Covalent binding of 3'-O-(4-benzoyl)benzoyl adenosine 5'-triphosphate (BzATP) to the isolated alpha and beta subunits and the alpha 3 beta 3 core complex of TF1. Covalent binding of BzATP prevents association of alpha and beta subunits and induces dissociation of the alpha 3 beta 3 core complex.
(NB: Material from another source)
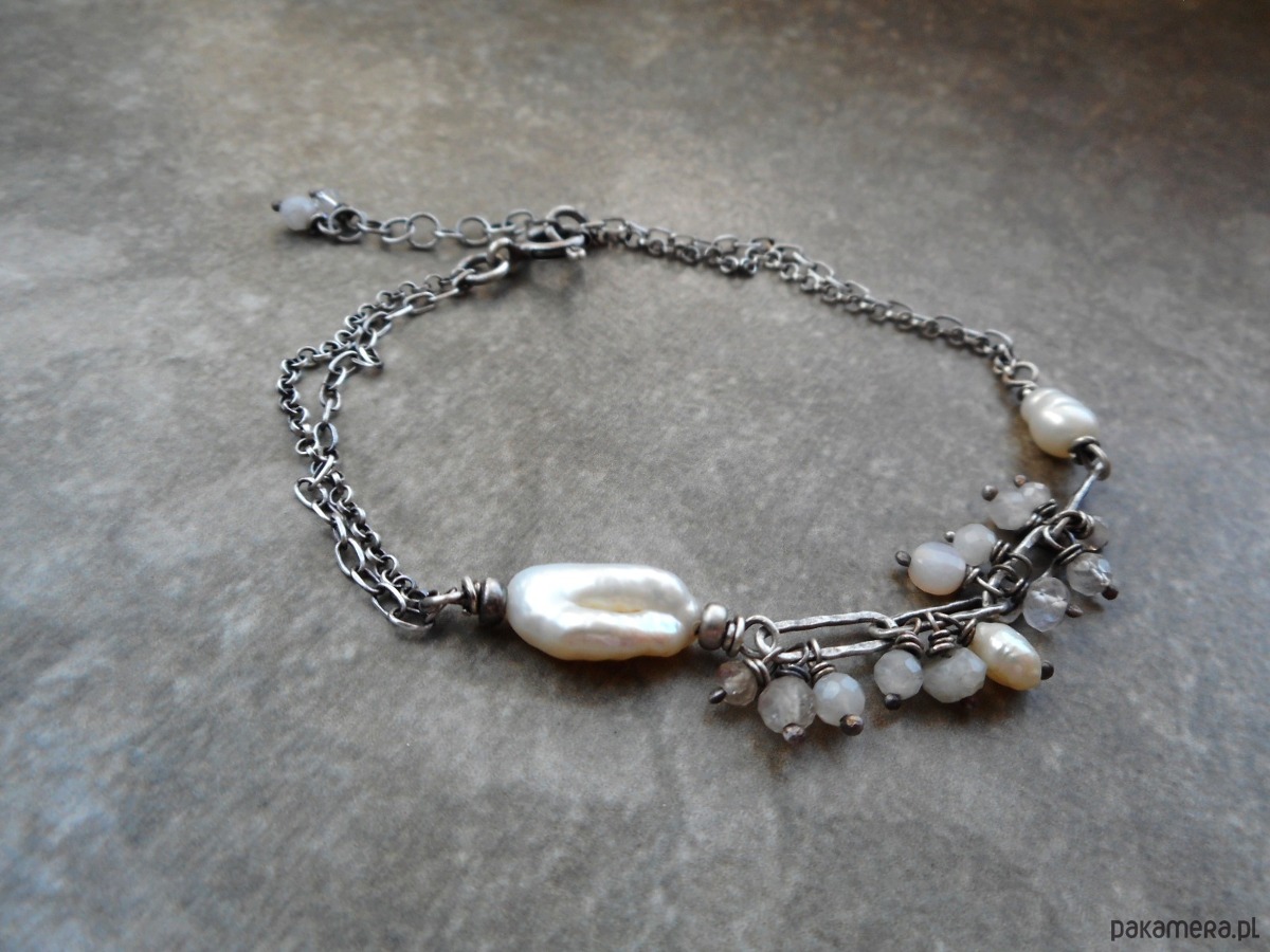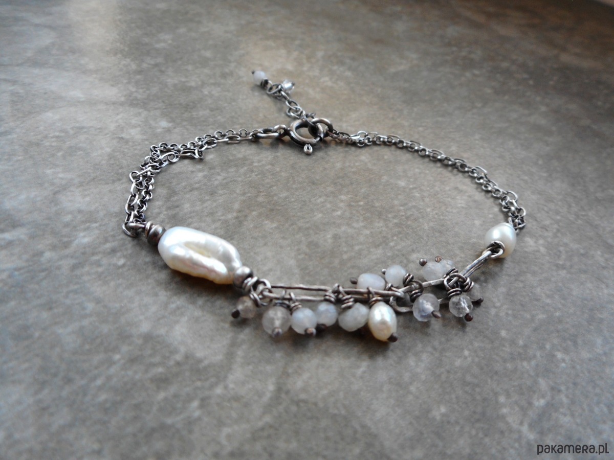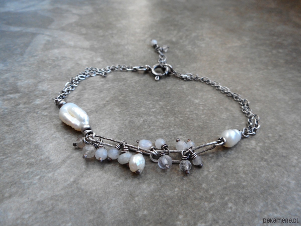 Efektowna bransoletka wykonana z kamieni naturalnych i szlachetnego srebra; wygodna i uniwersalna, połączenie pereł, minerałów w jasnych kolorach i oksydowanego srebra nadaje biżuterii niepowtarzalnego stylu.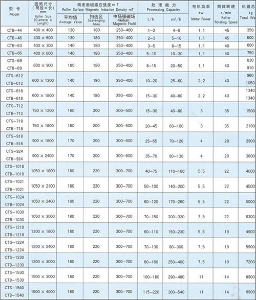CTB系列永磁筒式磁選機磁場分旋轉式、固定式兩種機構,固定式主要適用于弱磁場濕式選別細顆粒的強磁性物質,或者除去非磁性礦物中的強磁性礦物,當漿流入磁場區時,其中強磁性礦物被吸附在圓筒表面,弱磁性和非磁性礦物被分選后排除,而吸附在圓筒表面的強磁性礦物隨圓筒的旋轉被帶出磁場區。旋轉式適用于細粒強(中強)磁性礦物的干選,由于高速旋轉的作用,使磁性顆粒的磁滾翻次數大大高于普通磁選機,這對于破環磁團聚,提高富礦比具有顯著的效果,礦物經分選后被分離成磁性物和非磁性物兩種,分別從各自的排礦口排出該機,適用于礦石粒度為0.6-6mm的粗選和精選。 同一圓筒可配三種槽體,即順流槽(CTS)選別粒度≤6mm,逆流糟(CTN)選別粒度≤0.6mm,半逆流槽(CTB)選別粒度≤1mm。

Binding of the photoreactive ATP analog, 3'-O-(4-benzoyl)benzoyl adenosine 5'-triphosphate (BzATP), to the isolated alpha and beta subunits of TF1 and to the alpha 3 beta 3 "core" complex of the holoenzyme is described. About 1 mol of BzATP/mol of subunit was incorporated to isolated alpha and beta subunits. The incorporation of BzATP was prevented by ATP. Covalent binding of BzATP to the alpha subunit was in general somewhat lower than that observed with the beta subunit. No complex was formed upon mixing of either of the modified subunits with the complementary nontreated subunits. Covalent binding of 3 mol of BzATP/alpha 3 beta 3 complex completely inhibited ATPase activity and resulted in the dissociation of the complex. The labeled nucleotide analog was specifically incorporated into the beta subunit of the complex. The holoenzyme TF1, in contrast to the core complex, did not dissociate to the individual subunits upon covalent binding of BzATP. These results are discussed in relation to the location of the catalytic nucleotide binding site(s) and the conformation stability of the alpha 3 beta 3 core complex of TF1.